## Instructions for the task
Before printing, remove every picture; then print the lines below exactly, from the first line through the line containing "acabado bronce patinado.".
START Source material
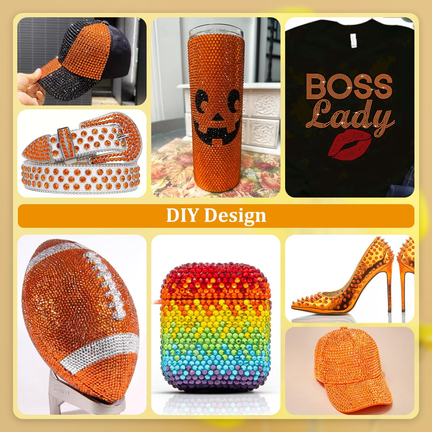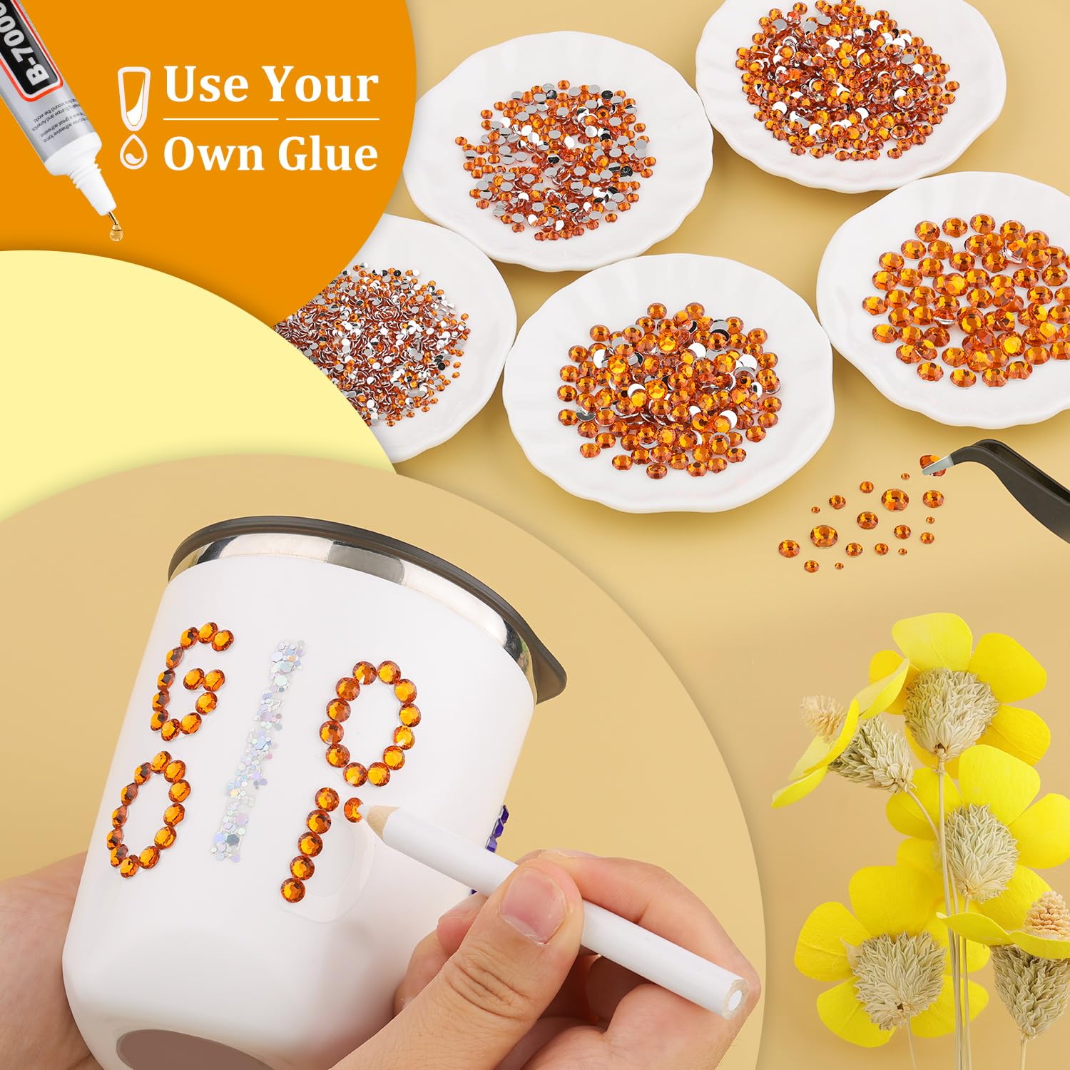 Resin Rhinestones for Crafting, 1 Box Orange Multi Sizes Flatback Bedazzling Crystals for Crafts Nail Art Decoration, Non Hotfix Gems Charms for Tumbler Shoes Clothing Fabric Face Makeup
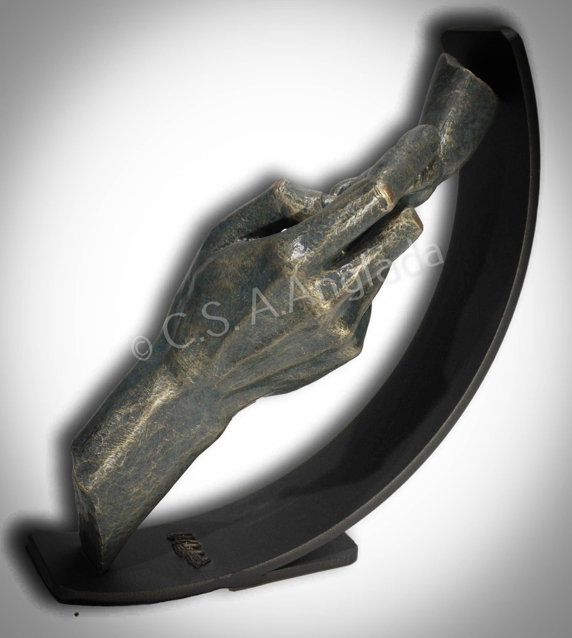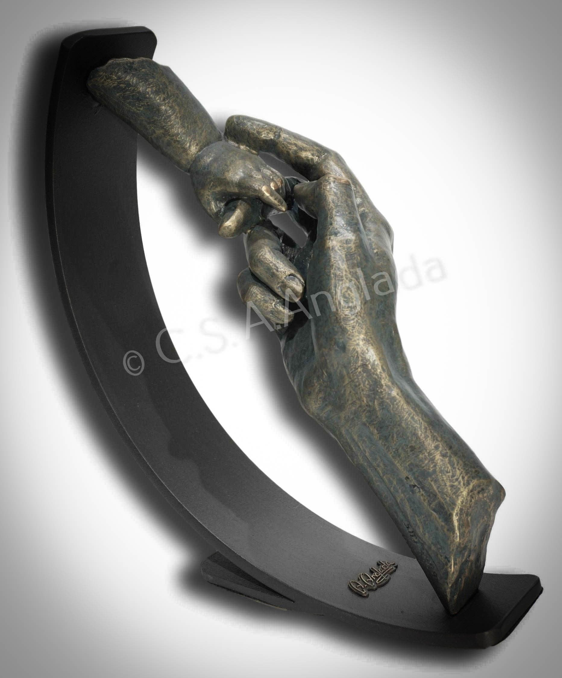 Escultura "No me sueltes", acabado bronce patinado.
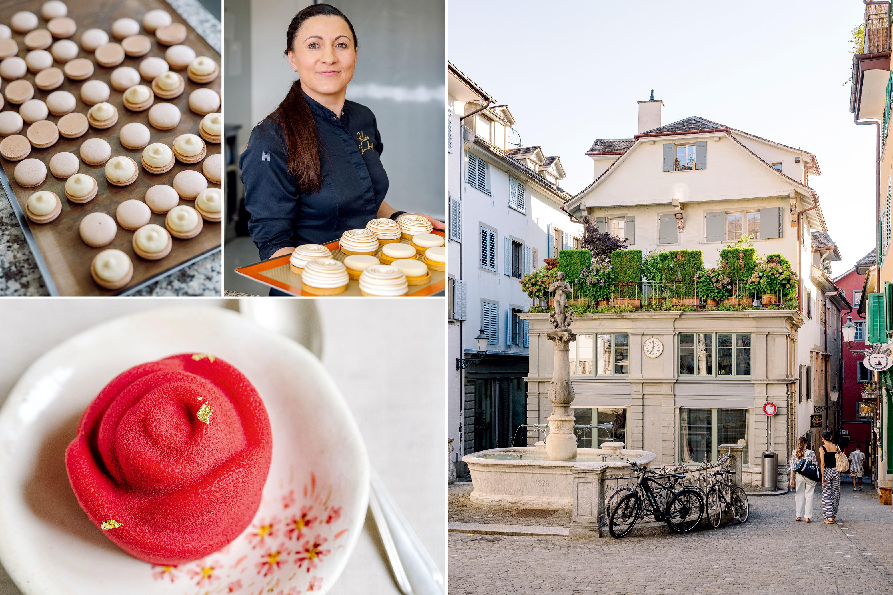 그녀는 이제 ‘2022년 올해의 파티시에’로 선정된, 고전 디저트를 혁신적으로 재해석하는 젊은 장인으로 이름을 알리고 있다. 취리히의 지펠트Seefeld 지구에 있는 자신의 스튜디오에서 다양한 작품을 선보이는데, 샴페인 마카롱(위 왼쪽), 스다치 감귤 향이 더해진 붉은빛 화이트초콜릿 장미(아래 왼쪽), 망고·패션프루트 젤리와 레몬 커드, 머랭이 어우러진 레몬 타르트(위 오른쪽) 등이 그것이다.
END Source material
## Written solution
 Resin Rhinestones for Crafting, 1 Box Orange Multi Sizes Flatback Bedazzling Crystals for Crafts Nail Art Decoration, Non Hotfix Gems Charms for Tumbler Shoes Clothing Fabric Face Makeup
 Escultura "No me sueltes", acabado bronce patinado.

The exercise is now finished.